From: Robert Jennings <rcj@linux.vnet.ibm.com>
To: Vlastimil Babka <vbabka@suse.cz>
Cc: linux-kernel@vger.kernel.org, linux-fsdevel@vger.kernel.org,
linux-mm@kvack.org, Alexander Viro <viro@zeniv.linux.org.uk>,
Rik van Riel <riel@redhat.com>,
Andrea Arcangeli <aarcange@redhat.com>,
Dave Hansen <dave@sr71.net>,
Matt Helsley <matt.helsley@gmail.com>,
Anthony Liguori <anthony@codemonkey.ws>,
Michael Roth <mdroth@linux.vnet.ibm.com>,
Lei Li <lilei@linux.vnet.ibm.com>,
Leonardo Garcia <lagarcia@linux.vnet.ibm.com>
Subject: Re: [PATCH 1/2] vmsplice: unmap gifted pages for recipient
Date: Thu, 17 Oct 2013 08:48:27 -0500 [thread overview]
Message-ID: <20131017134827.GB19741@linux.vnet.ibm.com> (raw)
In-Reply-To: <525FB9EE.3070609@suse.cz>
* Vlastimil Babka (vbabka@suse.cz) wrote:
> On 10/07/2013 10:21 PM, Robert C Jennings wrote:
> > Introduce use of the unused SPLICE_F_MOVE flag for vmsplice to zap
> > pages.
> >
> > When vmsplice is called with flags (SPLICE_F_GIFT | SPLICE_F_MOVE) the
> > writer's gift'ed pages would be zapped. This patch supports further work
> > to move vmsplice'd pages rather than copying them. That patch has the
> > restriction that the page must not be mapped by the source for the move,
> > otherwise it will fall back to copying the page.
> >
> > Signed-off-by: Matt Helsley <matt.helsley@gmail.com>
> > Signed-off-by: Robert C Jennings <rcj@linux.vnet.ibm.com>
> > ---
> > Since the RFC went out I have coalesced the zap_page_range() call to
> > operate on VMAs rather than calling this for each page.

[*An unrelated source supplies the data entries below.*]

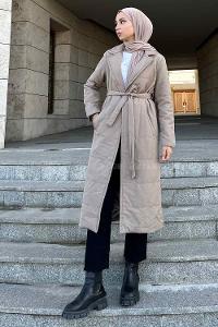 Lamelif Kuşak Bağlamalı Mont Toprak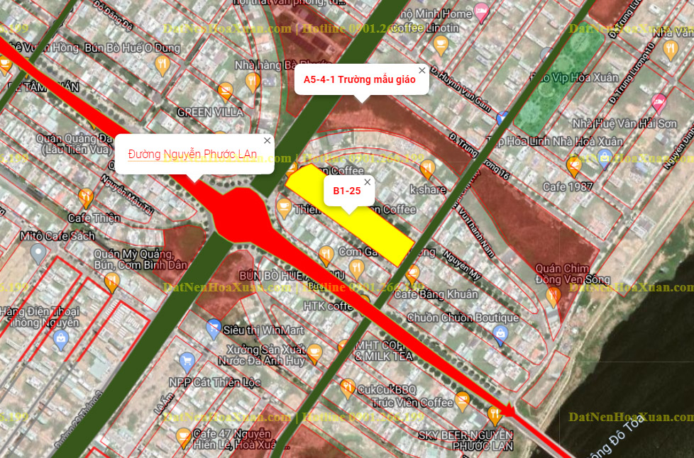 Vị trí lô góc B1.25 lô 1 trên bản đồ phân lô Hòa Xuân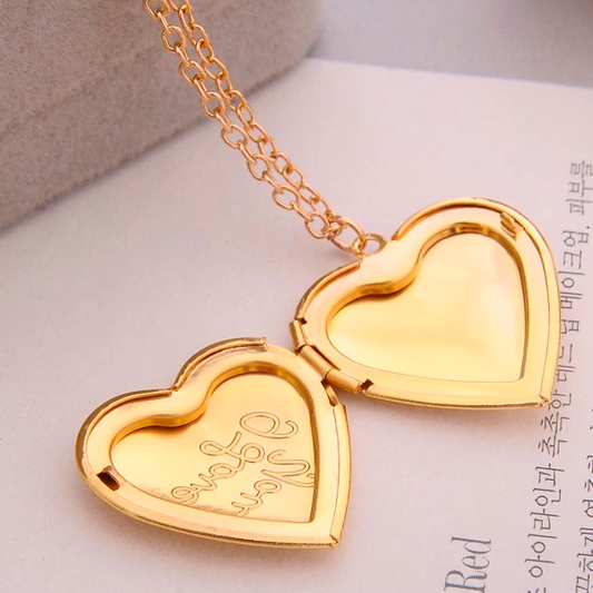 I Love You Yellow Gold Heart Locket Necklace For Woman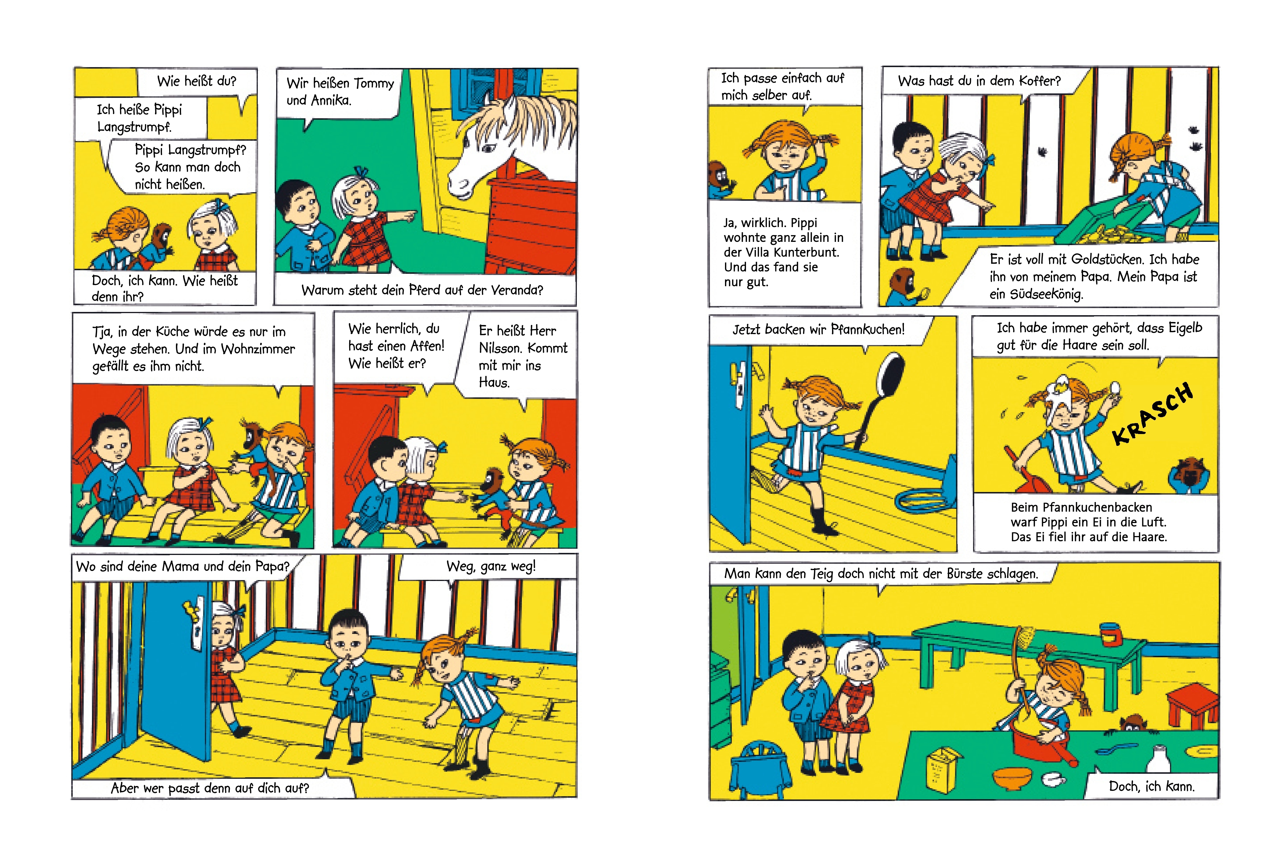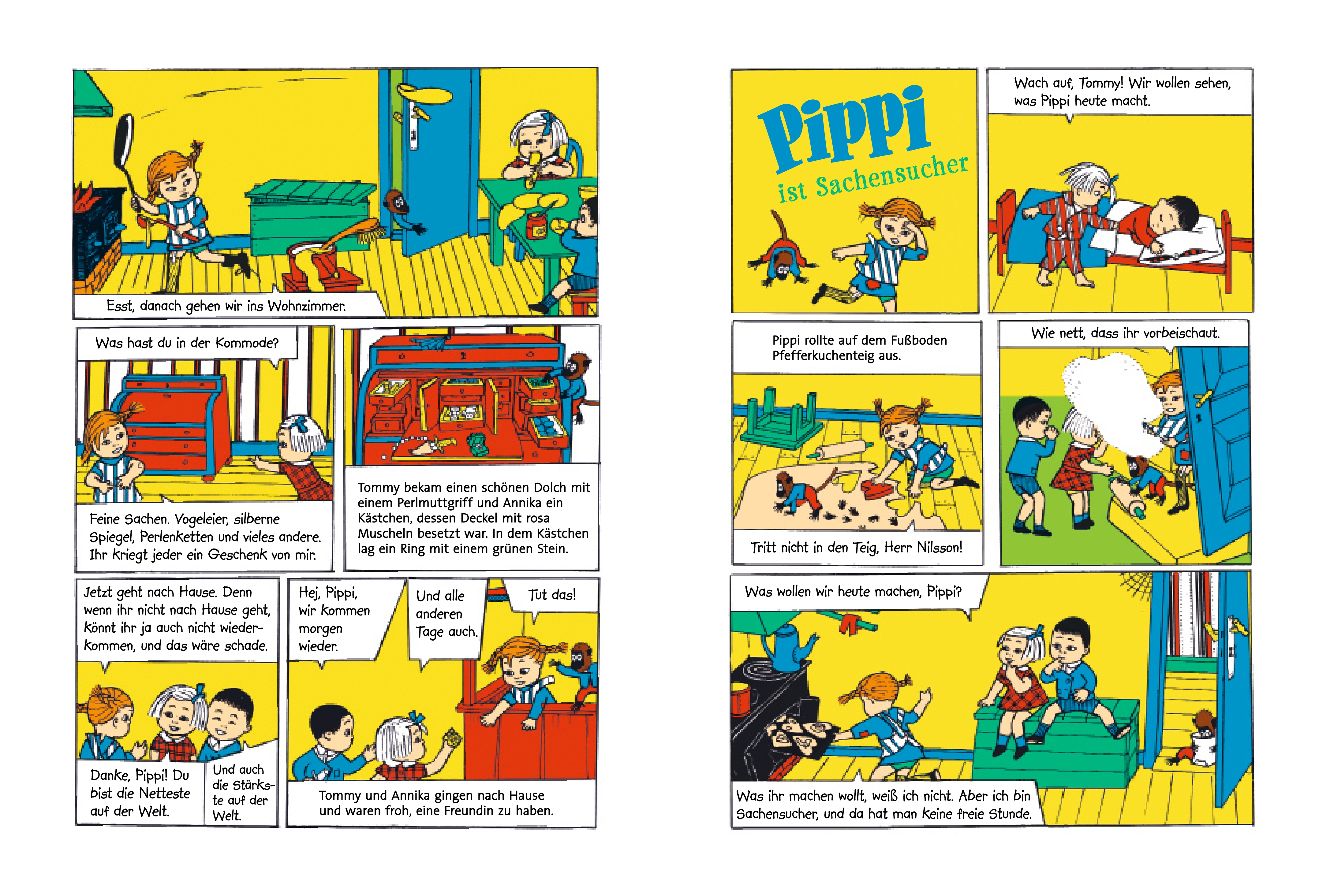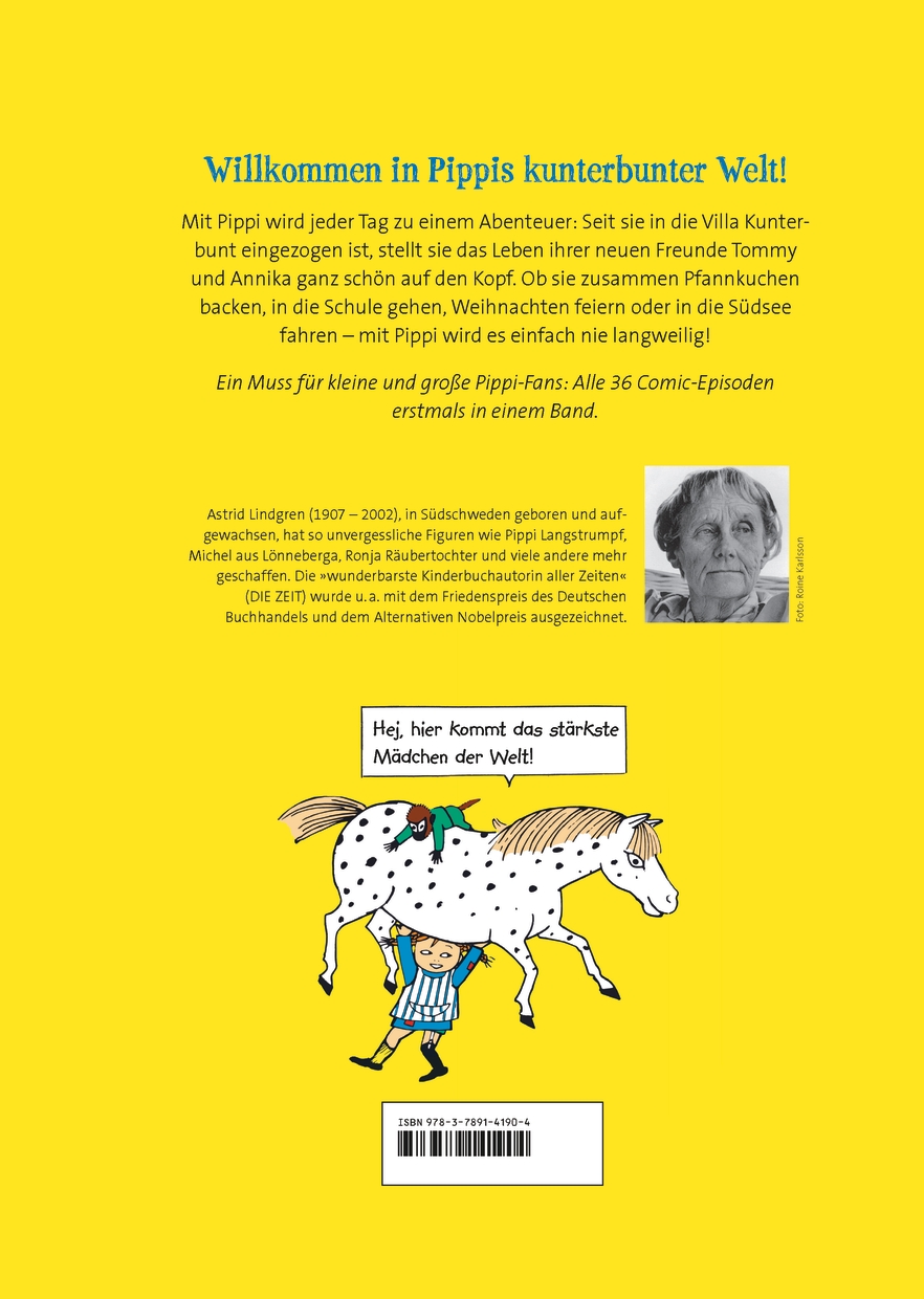 Aus der Lindgren-Schatztruhe: die Pippi-Langstrumpf-Comics. 36 x Pippi Langstrumpf für alle, die nicht genug bekommen können vom stärksten Mädchen der Welt! Pippi zieht ein in die Villa Kunterbunt, fährt zur See, gibt ein Fest, will nicht groß werden und viele andere kurze Episoden aus der Welt von Pippi, Thomas und Annika, dem Pferd und Herrn Nilsson. Ingrid Vang Nyman, die Pippi-Langstrumpf-Illustratorin der ersten Stunde, war eine begnadete Bildergeschichtenzeichnerin und ihre Illustrationen waren der Zeit weit voraus. Sammelband mit 36 Pippi-Langstrumpf-Comics von Ingrid Vang Nyman, erstmals ab Ende der 1950er Jahre in einer schwedischen Kinderzeitung veröffentlicht. Für Liebhaber und für Leseanfänger.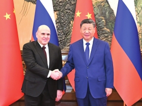 米舒斯京转达普京总统对习近平主席的亲切问候和良好祝愿。米舒斯京表示,祝贺中共二十届四中全会成功举行,相信中国一定会顺利实现“十五五”规划建议确定的目标,取得更大经济社会发展成就。两国元首今年两次会晤,对俄中关系发展作出战略规划,巩固了俄中全面战略协作伙伴关系。俄方愿同中方一道,落实两国元首达成的重要共识,深化经贸、科技、能源、农业、数字经济等领域合作,密切人文交流,加强多边协调配合,推动两国合作取得更多成果。
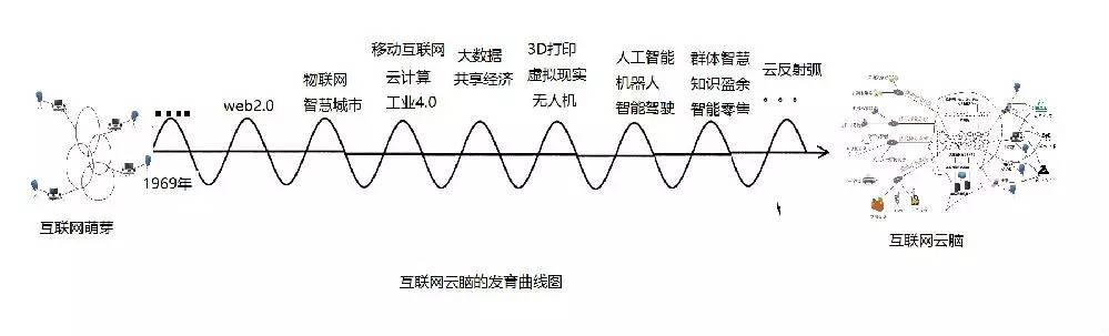 互联网云脑在发育过程中也不是均匀的。往往是一个技术或模式成熟后,下一个技术或模式才有蓬勃发育的基础。web2.0,物联网,云计算,工业互联网,大数据,人工智能。。不是超出互联网的新事物,而是互联网云脑发育过程中,一个个波浪高峰,这些前沿技术之间的割裂和孤立,是互联网云脑各神经系统发育的不均匀现象产生的错觉。

For a 256MB
> > vmsplice this reduced the write side 50% from the RFC.
> > ---
> > fs/splice.c | 51 +++++++++++++++++++++++++++++++++++++++++++++++++-
> > include/linux/splice.h | 1 +
> > 2 files changed, 51 insertions(+), 1 deletion(-)
> >
> > diff --git a/fs/splice.c b/fs/splice.c
> > index 3b7ee65..a62d61e 100644
> > --- a/fs/splice.c
> > +++ b/fs/splice.c
> > @@ -188,12 +188,17 @@ ssize_t splice_to_pipe(struct pipe_inode_info *pipe,
> > {
> > unsigned int spd_pages = spd->nr_pages;
> > int ret, do_wakeup, page_nr;
> > + struct vm_area_struct *vma;
> > + unsigned long user_start, user_end;
> >
> > ret = 0;
> > do_wakeup = 0;
> > page_nr = 0;
> > + vma = NULL;
> > + user_start = user_end = 0;
> >
> > pipe_lock(pipe);
> > + down_read(¤t->mm->mmap_sem);
>
> Seems like you could take the mmap_sem only when GIFT and MOVE is set.
> Maybe it won't help that much for performance but at least serve as
> documenting the reason it's needed?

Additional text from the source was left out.